A version of this article appears in print in our fourth edition, Page 82 of T Australia with the headline:
“Tomorrow’s Heroes”
Order a copy | Subscribe

Tomorrow’s Heroes, Sallie Jones

One of six Australian creators, innovators and advocates profiled in our new series, dairy farmer Sallie Jones turned a family tragedy into a business.

Article by Jen Nurick

Sallie Jones, the co-founder of Gippsland Jersey, collaborated with local children to represent her legacy. Photography by Kelly Geddes.

Ice cream. That’s how Sallie Jones, one half of Gippsland Jersey, parses memories of growing up in idyllic Lakes Entrance, in East Gippsland, Victoria, before her dad, the dairy farmer Michael Bowen, tragically took his own life in 2016. “He’d flick a big chunk of freshly churned ice cream onto the back of your hand,” she recalls. “Ice cream on tap…. It was the childhood that children could only dream of.”

One of four kids, Jones was raised among milking cows, a third-generation dairy farmer in training. After briefly living in Melbourne, where she worked in public relations, she founded Aphrodite Bath Milk with her dad, selling organic raw milk for cosmetic use and preparing, unknowingly, to step out of his shadow and into his shoes. Her father’s three-year battle with depression, suffered largely in silence, followed. His untimely passing coincided with a national dairy crisis that saw thousands of farmers spiral into debt — and jolted Jones to lead the region’s about-face.

A chance conversation with the farmer Steve Ronalds at the Warragul Farmers Market, which Jones also co-founded, inspired the pair to create a dairy company with a difference. Within months of Bowen’s death, Gippsland Jersey was bottled. “I remember having this amazing belief and knowing I will turn this into something good,” Jones, now 41, reflects of channelling her grief into an opportunity for healing. “That his life, there isn’t a ‘full stop’ after Michael Bowen.” She takes solace in carrying on his legacy, creating “many of the things he wanted to achieve”.

 

“The kids understand and know each word and symbol on the T-shirt design and are little ambassadors,” she says of the company’s mission. “It’s been a journey for us all.” Photography by Kelly Geddes.

The company, which celebrated its fifth anniversary in September, has a threefold mission: ensuring fair pay for farmers; quashing the stigma attached to mental health prob- lems; and performing random acts of kindness. A calendar the company produces weaves these strands together, spotlighting the experiences of 12 dairy farmers to normalise conversations about mental health. Their stories paint a bleak picture: the region has been devastated by drought, pay cuts, bushfires, floods and the pandemic. It’s vital their voices are heard.
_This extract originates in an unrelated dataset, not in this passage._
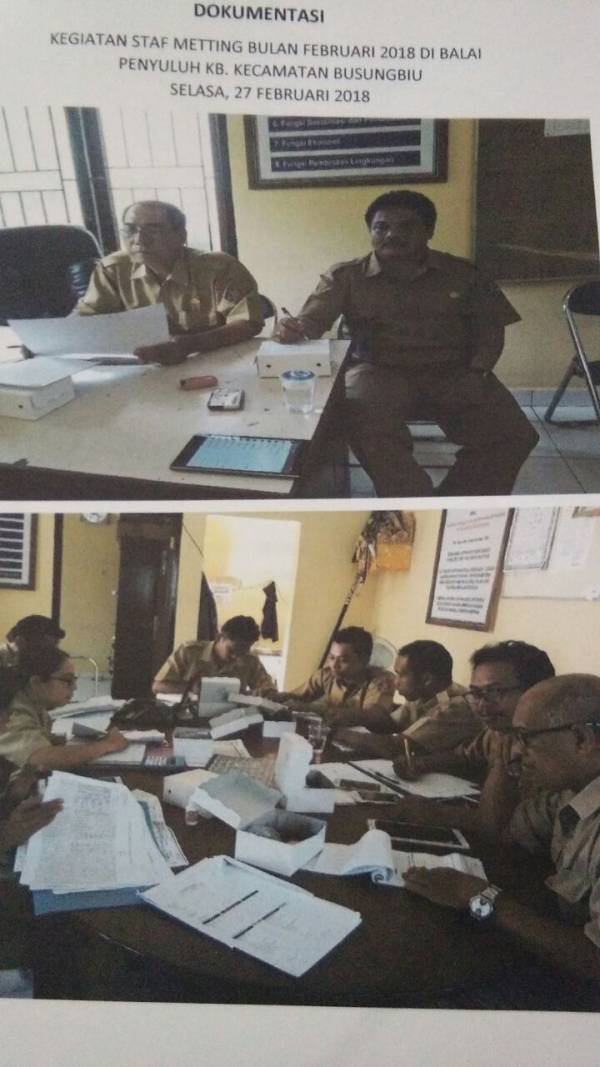 selasa, 27 Pebruari 2018, Dinas Pengendalian Penduduk Keluarga Berencana, Pemberdayaan Perempuan dan Perlindungan Anak Kabupaten Buleleng mengadakan staf meeting dan pembinaan PLKB/PKB oleh tim Pembinaan PLKB di balai Penyuluh Kecamatan Busungbiu

“Mental health is a pandemic in our country, especially in more remote areas involved in agriculture, because it’s very blokey and there’s a lot of ego,” Jones says. As a woman at the helm, she’s bent on dismantling cultural old-think. “It’s the bravest thing for a man to be honest with how he’s at and to be able to speak freely.”

One of four kids, Jones was raised among milking cows, a third-generation dairy farmer in training. Photography by Kelly Geddes.

Jones says premium milk is a conduit for meaningful action. Gippsland Jersey’s products have the seal of approval from Melbourne’s finest dining establishments, including Attica and Vue de Monde, but measurable impact within the community is sine qua non. “If we can use our business as a platform to help others along the way, that’s what gives us ultimate joy,” she says. She has witnessed the power of community firsthand: when a milk processor suddenly cut ties with the business, giving Jones one month to find an alternative dairy plant, Gippsland Jersey raised $110,000 in three weeks, with customers pre-pur- chasing bottles of milk. Their support proved to Jones a steadfast loyalty to the local industry and a hankering for a milk brand laser-focused on boosting morale.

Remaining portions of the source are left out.